Civil rights leaders once dreamed of a day when Americans would be judged by the content of their character, not the color of their skin, but today a different message is being spread at the University of Texas and other college campuses. “Diversity” means singling out certain races for special treatment.

UT’s extensive diversity bureaucracy effectively creates a separate education experience for “students of color,” with programs like the African American Male Research Initiative, the Black Student Leadership Institute, the Black Male Education Research Collection, the John L. Warfield Center for African and African American Studies, and the African & African Diaspora Studies Department. . . .

Higher education, integrated even in the Jim Crow south with the support of federal troops in 1963, is returning to racial separation. Some colleges have separate dorms—designated “safe spaces”—for black students. At the University of Texas–which the Supreme Court forced to desegregate in 1950, prior to Brown—colorblindness is being replaced with racial division. The mind-bending irony is that this return to the odious color line is being led by African-American students and academics in the name of diversity!
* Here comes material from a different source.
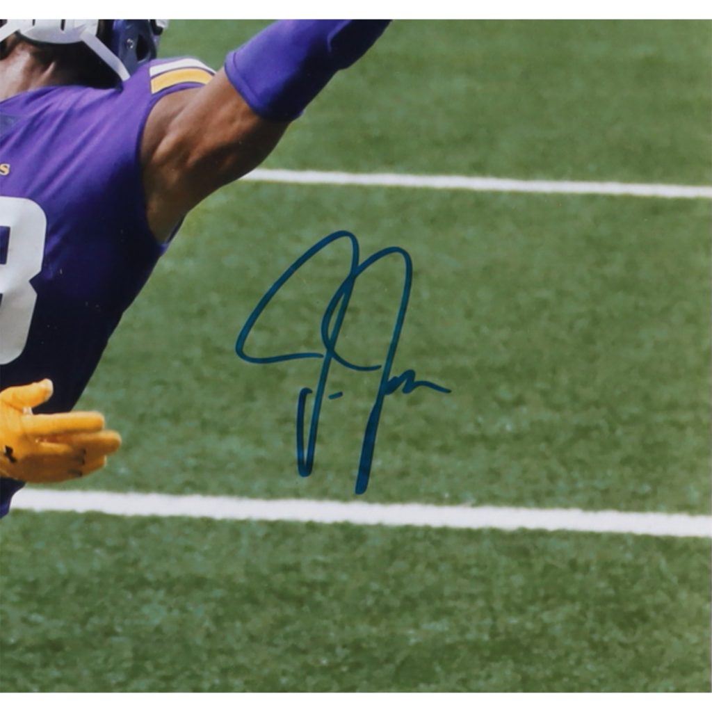 - High quality 16×20 Photograph, personally signed by Justin Jefferson, mounted into a deluxe display

In the interest of promoting solidarity, UT offers black students a separate lounge area on campus in which to congregate, study, and socialize. The lounge, which serves as a hub for UT’s black community, is, appropriately, named after black separatist Malcolm X. UT’s Multicultural Engagement Center, a student resource office within the Division of Diversity and Community Engagement, hosts a number of black-only events, including a separate graduation ceremony (dubbed Black Graduation), described as “an annual program that gives graduates the chance to commemorate and cherish all the accomplishments, memories, and challenges throughout their college years. Furthermore, it is an occasion for parents and families of graduates to meet with Black faculty and staff to gain a greater insight on the journey of their students.”

The MEC was founded in 1988 in response to the anti-apartheid movement at UT. To protest South Africa’s discriminatory racial policies, black students at UT incongruously insisted on their own center to “centralize academic, social and financial information for African American and Hispanic students.” Promoting diversity, it turns out, requires treating students differently on the basis of race and ethnicity: “The MEC continues to serve as a resource for students of color at The University of Texas at Austin as well as empowers them to be the agents of social change.”

Sigh.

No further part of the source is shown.